Saturday Movie Madness! #2: John Milius' CONAN THE BARBARIAN



Is it safe to concede that Conan the Barbarian is one of the most "Manly-Men" Super-hero mythic figures in movies?  Arnold Schwarzenegger only appeared in this 1982 film, and its sequel (which, though unseen by me, is derided almost everywhere by critics and fans of Conan as an inferior follow-up).  But there is something about his appeal here that I can see.  Do I go for this kind of beefed-up kill-and-fuck-whatever's-in-my-way action hero?  Not always.  If the movie's directed by someone who knows what level of killing and fucking they want to go after, and the lead is dynamic enough, I'll be willing to go for the ride.  And let all ye who enter this early 80's bonanza of (near) senseless kills and (near) erotic-less sex know: this is John Milius as director, with a fiery young Oliver Stone as co-writer.  So as someone who wrote the Ride of the Valkyries attack in Apocalypse Now and made Red Dawn (a previous Saturday Movie Madness entry last month), you can imagine how he'd take to material about a man made of barbarism.

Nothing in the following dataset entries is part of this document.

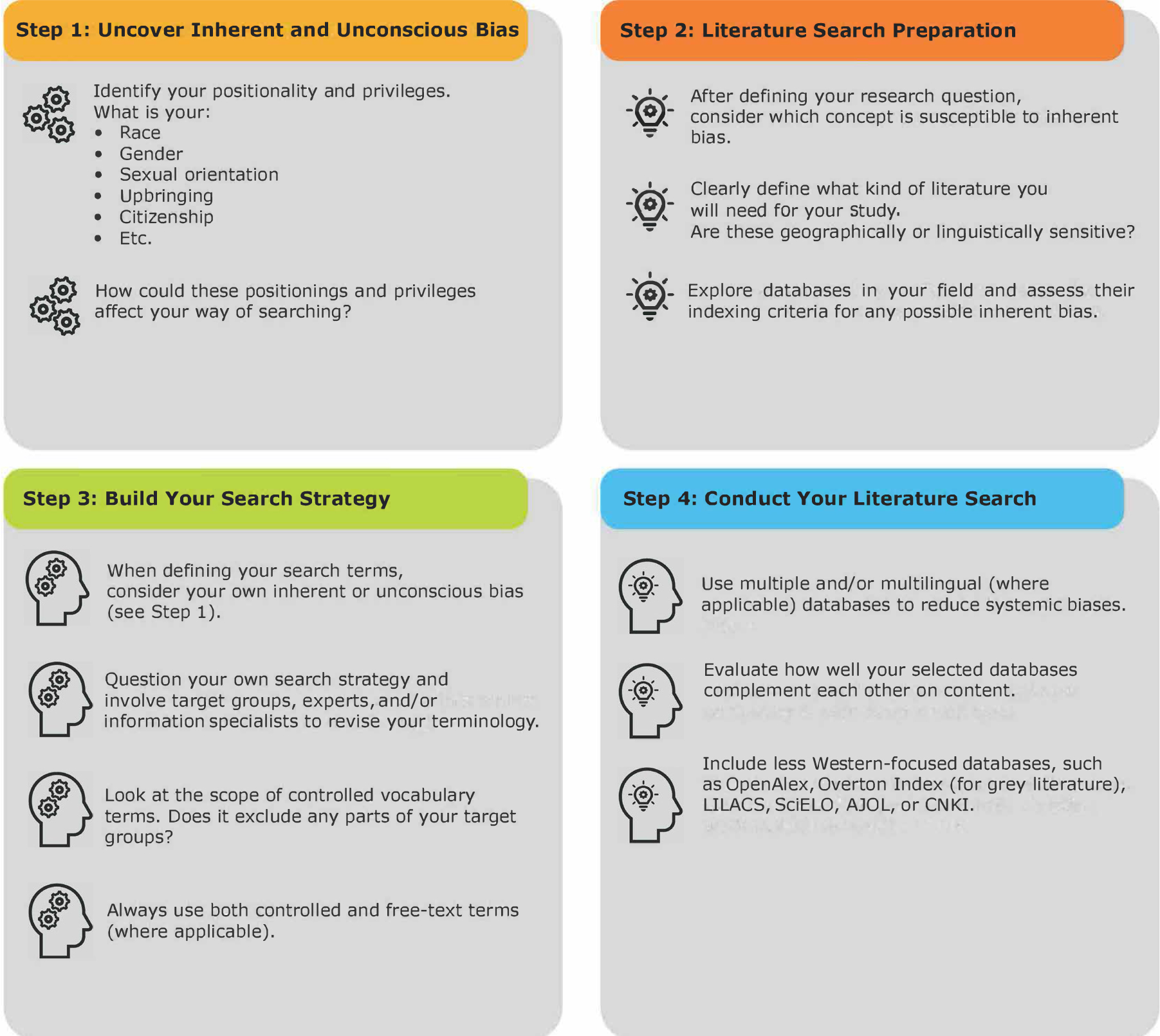 Figure 7. Key steps and considerations when preparing and conducting a literature search to ensure a more inclusive literature retrieval.
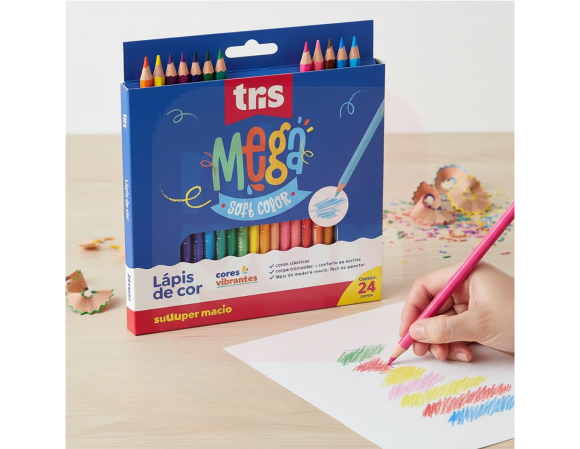 Deixe a criatividade fluir com o Kit Lápis de Cor Mega Soft Color 24 Cores + Apontador Tris.
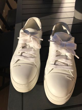 Zapatillas Prada originales. Son de piel blanca con logo metálico lateral y detalles grabados en suela y talón. Usadas solo en contadas ocasiones, se encuentran prácticamente nuevas (ver fotos). Perfectas para combinar con cualquier look. - Logo de Prada en la lengüeta. - Detalle metálico lateral. - Cordones blancos.
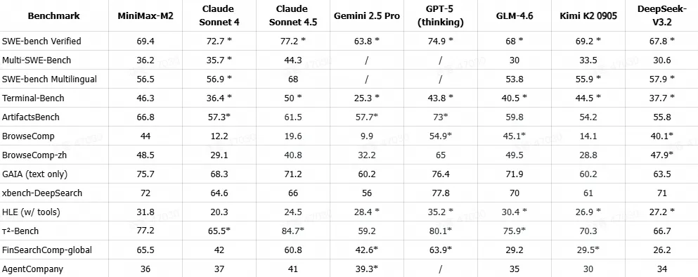 MiniMax-M2 在一系列强调端到端编码和智能体工具使用的基准测试中表现优异。这些任务(如 SWE-bench, Terminal-Bench, BrowseComp, HLE (w/ tools), FinSearchComp-global 等)的性能与开发者在终端、IDE 和 CI 中的日常体验高度相关。
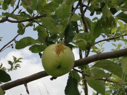 人間がおいしく食べるにはまだ青くて硬くてという状態ですが,このままでは鳥に全部献上することになってしまいそうです。
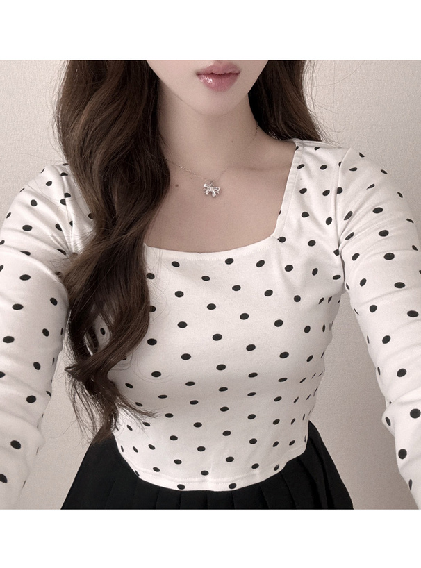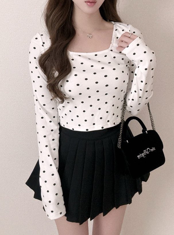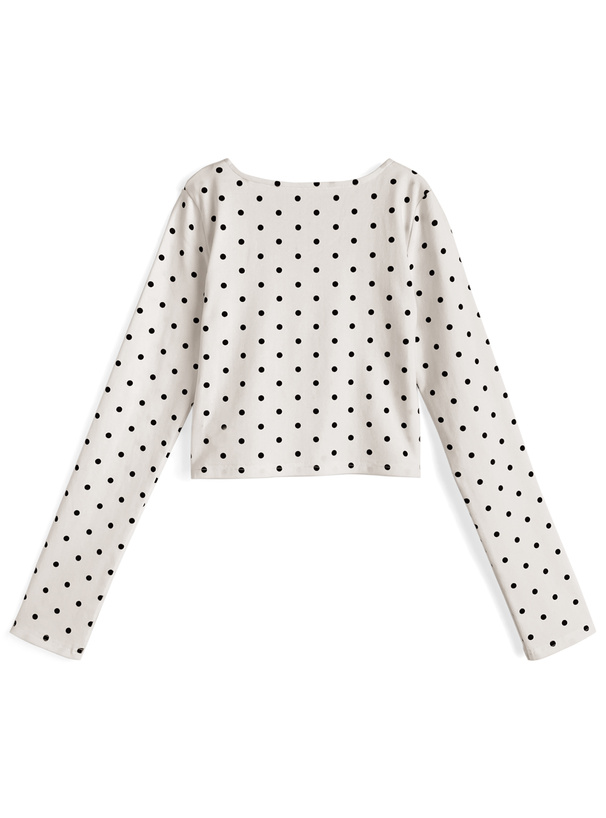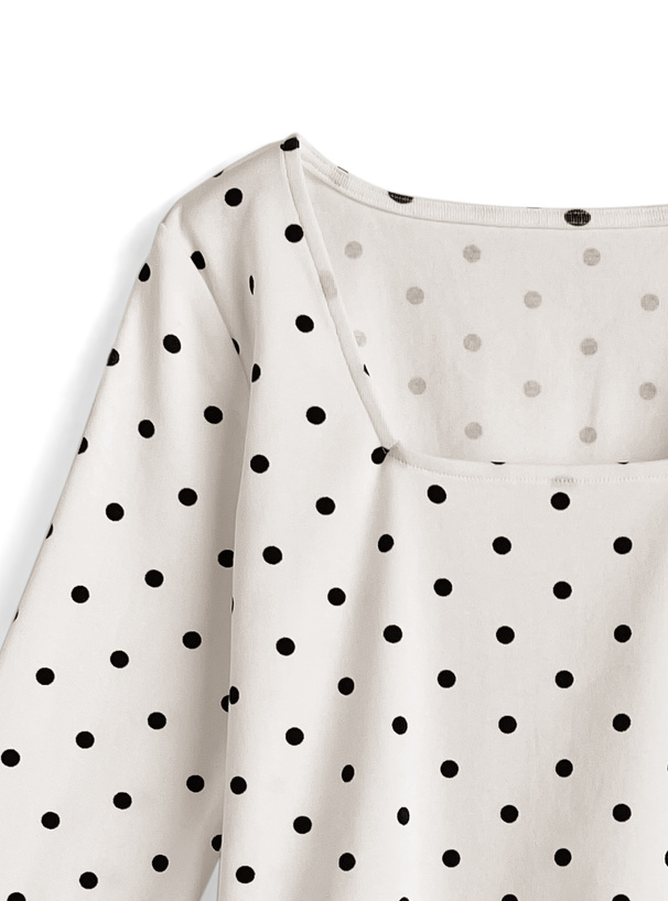 クラシカルな水玉柄プリントをあしらったショート丈のロングTシャツ。
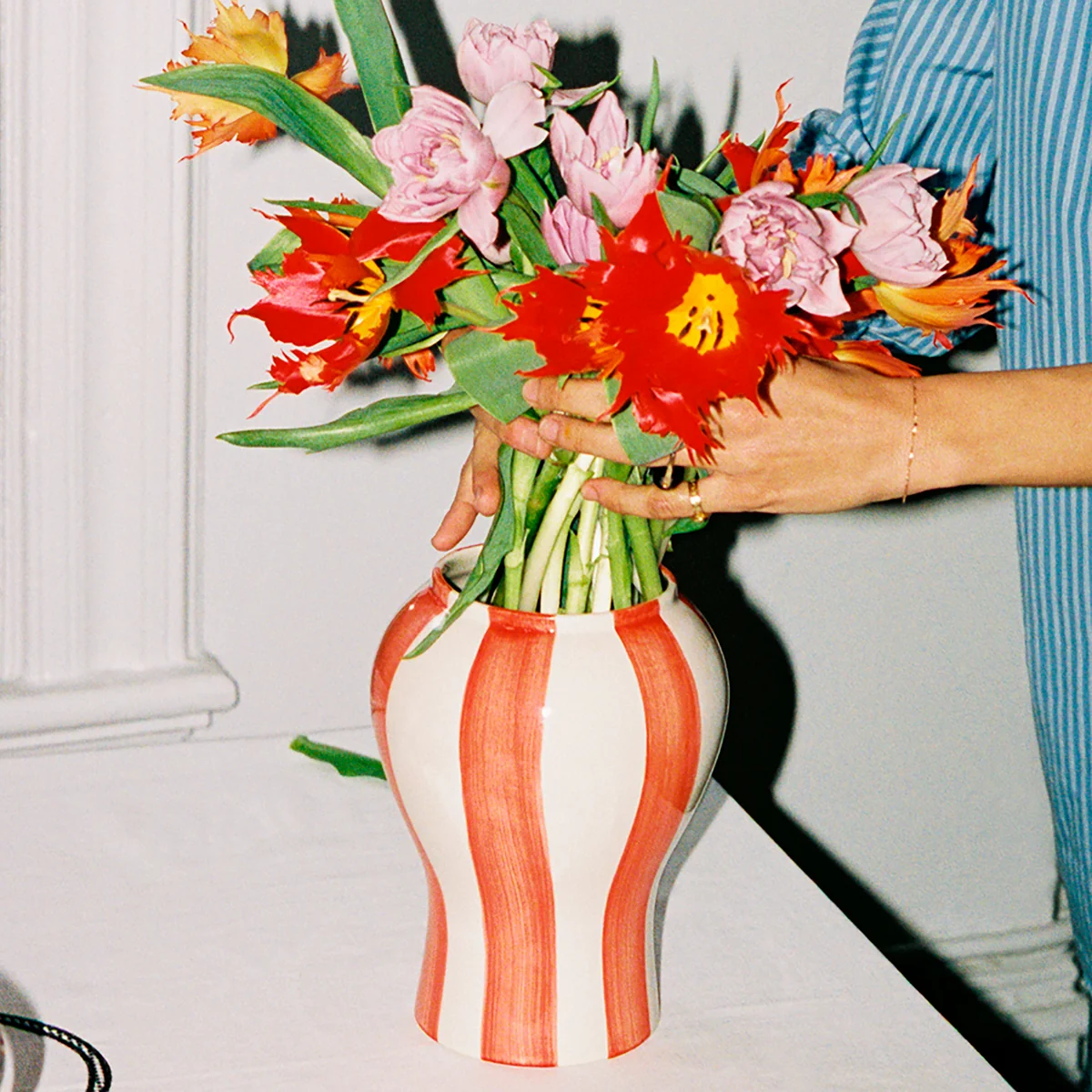 Vase en faïence peint à la main avec un design à rayures
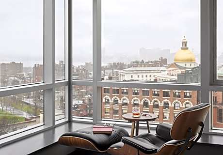 This luxury hotel is located 1 block from Boston Commons Park and the Park Street T Subway Station. This eco-friendly hotel features a gym. Wi-Fi is available. The modern guest rooms at the Hotel AKA Boston Common feature a 27-inch flat-screen TV. A fully stocked mini-bar and a laptop safe are provided. The hotel is pet-friendly and offers a pet bed and dishes. Guests can enjoy the onsite cocktail bar, The Bosworth. Ticket, dining, and tour reservations can be arranged with the Hotel AKA Boston Common’s concierge staff. Valet parking is also offered. The Hotel AKA Boston Common is across the street from the Granary Burial Grounds, a historical graveyard. Quincy Market, which features dining and shopping, is a 15-minute walk away.
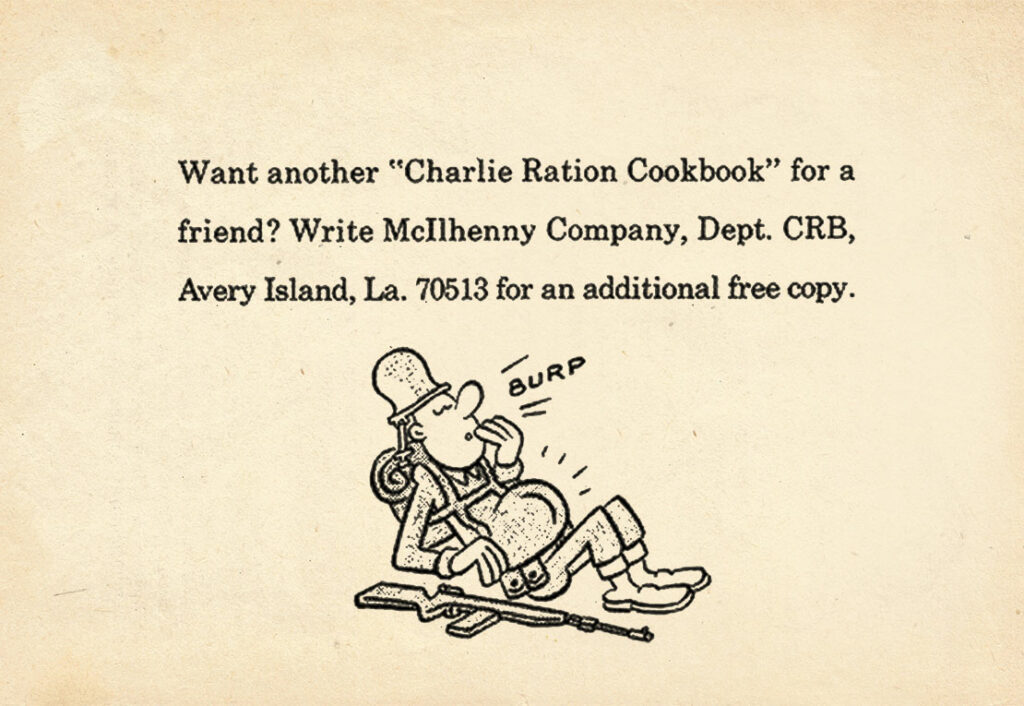 ベトナムではほとんど条件反射的に用いられていたタバスコは1年間の従軍期間で兵士たちをすっかり虜にしてしまったようで、アメリカに帰国した後も手放せなくなった者が大勢いたらしい。レシピブックの最後には「ご友人にも『チャーリー・レーション・クックブック』を贈りたいですか? 追加の無料コピーをご希望の場合は、マキルヘニー社までご連絡ください」。そして「げっぷ」とある。
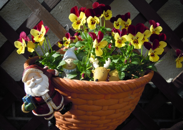 今日のお花は、ガーデンシクラメンにしてみました。しつこくサンタさんとトナカイも一緒です。
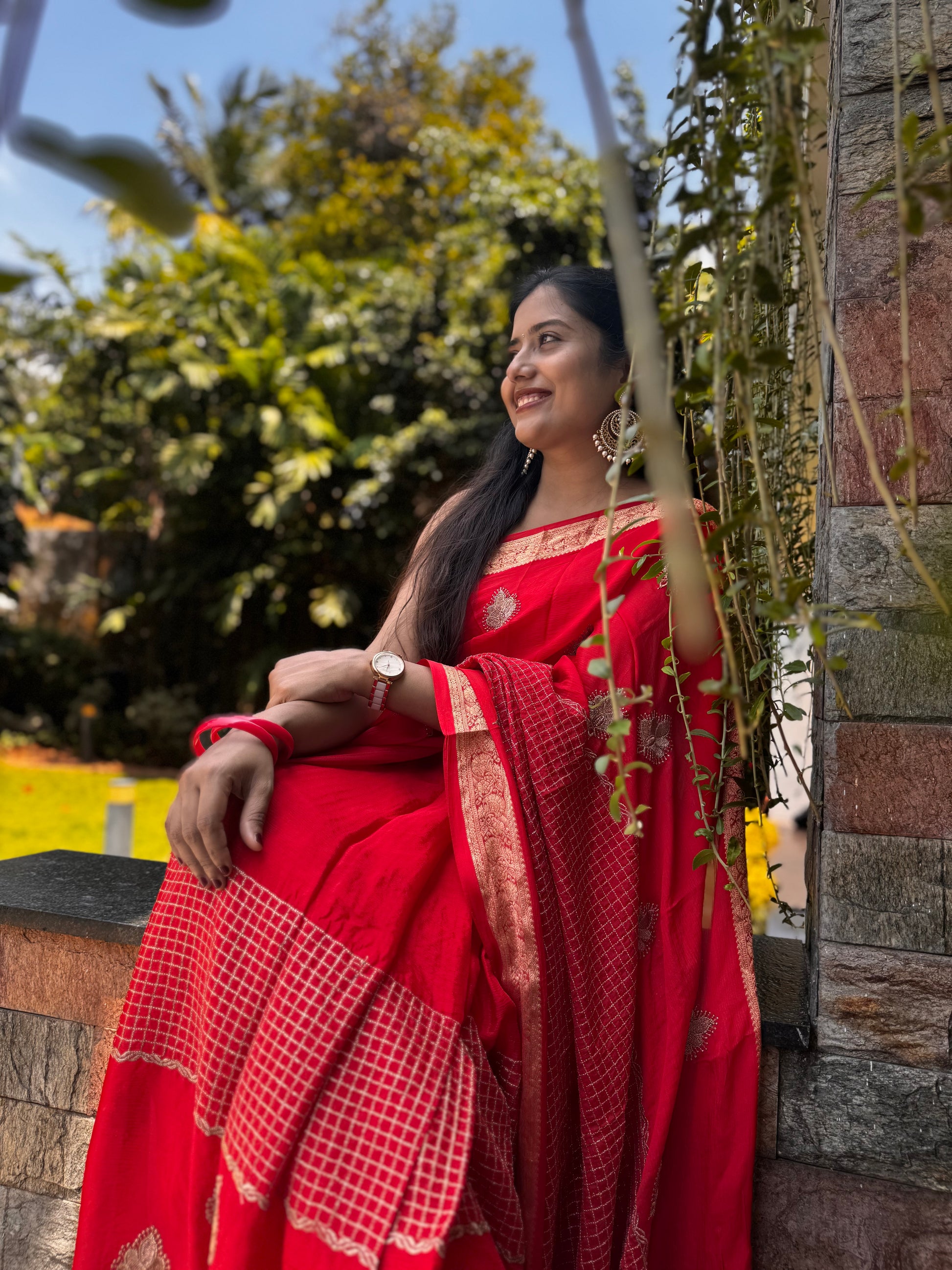With a contrast bright yellowish green contrast butti blouse for violet saree and bottle green blouse for red saree
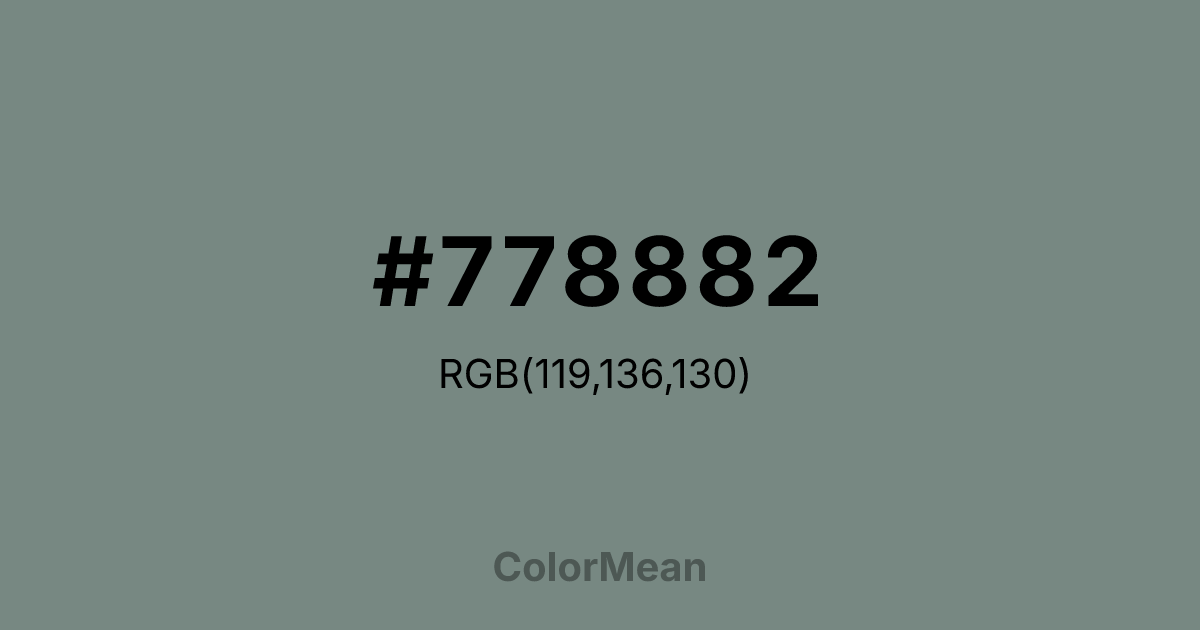 #778882 RGB value is (119, 136, 130). The hex color red value is 119, green is 136, and blue is 130. Its HSL format shows a hue of 159°, saturation of 7 percent, and lightness of 50 percent. The CMYK process values are 12 percent, 0 percent, 4 percent, 47 percent.
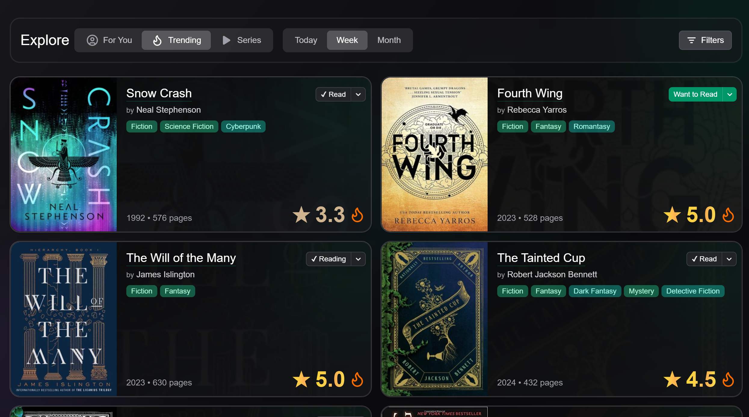 Browse trending books gaining momentum across the community to see what readers are currently loving. The "For You" feed analyzes your highly-rated books and surfaces recommendations from readers who share your taste: people who loved the same books you did. Genre classifications are crowd-sourced and verified by the community, ensuring accurate categorization. Filter by genre, publication date, or reading period to explore books that match your interests and reading mood.
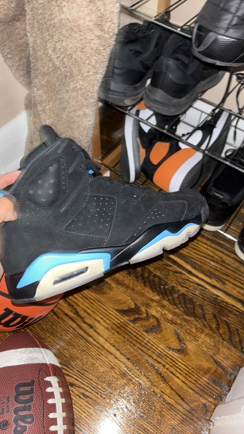 Classic black Air Jordan 6 Retro sneakers with university blue accents. These feature a durable suede and leather upper with the iconic lace lock. The visible Air unit in the heel provides cushioning. Great for sneaker collectors or everyday wear!

Plot?  Do you care really?  At the least it sounds better on paper than that of Conan the Destroyer.  Conan as a boy watches as his village is teared to shit by bandit-killers, led by James Earl Jones in a haircut similar to Uma Thurman's in Pulp Fiction.  He personally kills his mother, Conan is put in enslavement pushing a big goddamn wheel for twenty years, is freed, and seeks revenge in the process of rescuing the daughter of a King (Max von Sydow) who has been kidnapped by the now "Emptiness" cult-leader Jones.  Simple as that, you can see the blueprint for a lot of the action in your head if you've seen at least one or two of these fantasy epics where a character is faced with extraordinary challenges... That is, extraordinary for any of us out there. For Conan finding out that the hot piece of ass he's getting it on with is really a snake-cum-succubus isn't pleasant but pretty easy to put down.  Or, for that matter, being faced with a 40-foot snake that is like the 80's Muppet version of Anaconda.









Oh so much of this is campy.  That is, actually, when characters speak.  It's easy to tell that Milius and Stone, to their credit, are actually fans of the series of books and comics that had Conan and heroes like them, specifically those with the covers by the late Frank Frazetta.  You know the kind, like this one below:
















It's juicy and big and brawny and you might want to blast Iron Maiden just for the duration of the two minutes to midnight staring at the cover.  To be sure Robert E. Howard created the character in a slightly less HOLY SHIT HE'LL KILL US ALL pose, such as the one to your left.













The filmmakers, far from being hacks and coming out of being serious screenwriters for hire, take the material so seriously in the style comparable to George Lucas with Star Wars.  That is to note that the actors mean to say the dialog like it's not over-the-top.  I imagine that's what they went for for some of the time, and then other times one has to realize it's Arnold Schwarzenegger before his eloquent days given dialog (to respond to "What is best in life?"): "To crush your enemies, see them driven before you, and to hear the lamentation pf their women."  Jones and Sydow especially go into such ham that there's barely any pig left by the end of it.  Ho-Ho.

And yet I can't even begrudge them the scenery chewing.  Milius does get one thing right above all else, which is to let the images speak for themselves and to not let too much dialog in the way of the cinematography (not great but far from shoddy), and for the rousing, wanting-to-be-timeless musical score by Basil Poledouris, which ramps up most scenes with the kind of heightened emotion that makes up for some scenes being dead-air.  The scenery is extravagant in a fun way and the special effects, dated to be sure, are fun to take in just by how much the actors know they're silly and part of the heightened mythical feel.



Now for other good things here: Arnold himself, never letting anyone in the audience think Conan can't do the shit he does, which includes such things as when crucified taking a bite out of a vulture trying to peck at his pectorals.  And Mako, the fiery little Asian man who would later voice Uncle Iro in Avatar the Last Airbender, who gives the kind of narration that young boys will never for a moment not buy as being God from on high.  And the women... oh the women.  One may lose a peek or two at Conan smothering them over with his 19293829 pound muscles, but it still works to the intended effect.

So get out your swords and sorcery, get rid of that emptiness and find some worth to your life in kicking ass and becoming king, and enjoy some Conan the Barbarian.  It's a sublime mix of low-brow action and tits and high-brow aspirations for lust and glory by two guy-guys writing and directing the hell out of a movie that is very much of its time.